For FIPS-compliant deployments, see Cryptographic Controls.

Cryptographic Controls

Novelty uses the JVM's cryptographic providers. For FIPS 140-3 compliance:

  1. Deploy on a FIPS-enabled operating system (e.g., RHEL 9 with FIPS mode enabled)
  2. Use a FIPS-validated JVM (e.g., Red Hat build of OpenJDK with FIPS provider)
  3. The JVM automatically uses FIPS-validated cryptographic modules when the OS is in FIPS mode

No application-level configuration is required—Novelty inherits FIPS compliance from the underlying platform.

Encryption at Rest

For RocksDB persistence (default), enable encryption at the storage layer:

  • Disk/volume encryption: Use LUKS, dm-crypt, or cloud provider encryption (AWS EBS, GCP PD)
  • Configure encrypted storage for the filepath specified in thatdot.novelty.store

See Configuration Reference for persistence configuration options.

Log Redaction

Configure log redaction to limit sensitive information in logs:

thatdot.novelty.log-config {
  # Hide potentially sensitive information (e.g., values from ingested records)
  show-unsafe = no

  # Control exception logging (may contain sensitive data or verbose stacktraces)
  show-exceptions = no

  # Redaction method: replaces sensitive information with "**REDACTED**"
  redactor {
    type = redact-hide
  }
}

When show-unsafe = no (the default), potentially sensitive values are replaced with **REDACTED** in log output. This includes values derived from ingested data that could contain PII.

See Configuration Reference for additional logging options.

File Ingest Security

Novelty restricts file-based data ingestion to whitelisted directories:

thatdot.novelty.file-ingest {
  # Whitelist of allowed directories for file ingests
  # Empty list = no file ingests allowed (except from recipes)
  allowed-directories = ["file_ingests"]

  # File resolution mode:
  # - "static": Only files present at startup are allowed
  # - "dynamic": Any file in allowed directories is allowed
  resolution-mode = "static"
}

This prevents unauthorized file access and limits the attack surface for file-based ingestion.

See Configuration Reference for additional file ingest options.

Mobile Code

Novelty provides a web-based user interface that uses JavaScript.

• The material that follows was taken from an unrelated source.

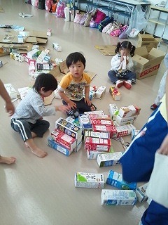 ダンボール電車・新聞紙の剣・新聞パンチなど・・・自分たちであそびを考え始め、楽しく元気に活動しています(%笑う女%)

Organizations with policies governing mobile code (SC-18) should evaluate this against their requirements. The JavaScript is served directly from the Novelty application and does not load external scripts.

Input Validation

Novelty validates all API inputs and request parameters. Ensure data is sanitized before streaming to Novelty endpoints.

See Configuration Reference for detailed configuration options.

Executable Integrity

Novelty binaries include built-in protections against tampering and reverse engineering. These protections are applied during the build process and require no user configuration.